Named by Ronne for Colonel H.R. Sullivan of the Office of Research and Development of the then USAAF, which furnished equipment for the expedition.

===Wakefield Highland ===
.
A snow-covered highland in central Antarctic Peninsula, bounded to the north by Hermes Glacier and the heads of Weyerhaeuser Glacier and Aphrodite Glacier, to the west by the heads of Airy Glacier, Rotz Glacier and Seller Glacier, to the south by Fleming Glacier and to the east by the heads of Lurabee Glacier, Sunfix Glacier and Grimley Glacier.

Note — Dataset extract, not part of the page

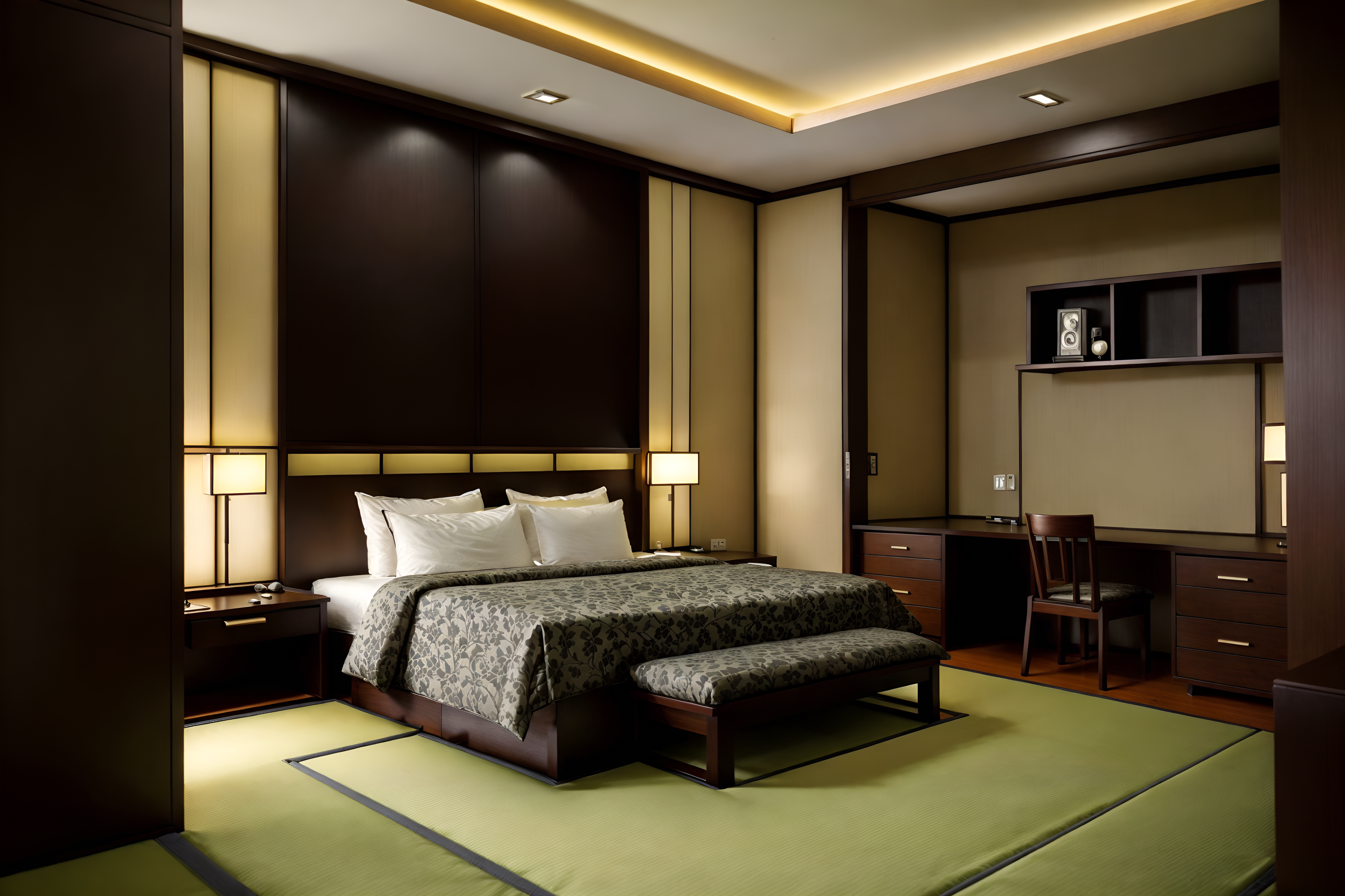 japanese design hotel roomsinterior decorate this hotel room with japanese design style. . . with plant and dresser closet and night light and headboard and working desk with desk chair and mirror and bedside table or night stand and storage bench or ottoman. . with tatami mats and low furniture and tranquility and bamboo accents and natural materials and neutral colors and wabi-sabi and minimalism. . .
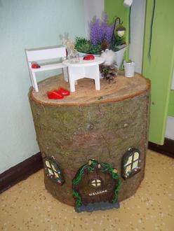 Im Mai standen vor Adwins Wichteltür Zaubersamen (Kresse), eine Schale und Watte mit der Botschaft „Zaubersamen zu säen“.

Photographed from the air by RARE on December 22, 1947. Surveyed by FIDS in November 1960.
Named after Viscount Wakefield of Hythe, a contributor to BGLE, 1934-37.
This toponym, concurred in by the UK Antarctic Place-Names Committee (UK-APC) and the US-ACAN, restores the name Wakefield in the vicinity of the BGLE's displaced "Mount Wakefield" (now Mount Hope).

===Davies Top===
.
A conspicuous isolated peak 2,360 m high on the east side of Wakefield Highland, near the head of Lurabee Glacier.
Photographed from the air by RARE on December 22, 1947.
Surveyed by FIDS in November 1960.
Named by UK-APC after Anthony G. Davies of FIDS, Medical Officer at Horseshoe Island and Stonington Island, 1960.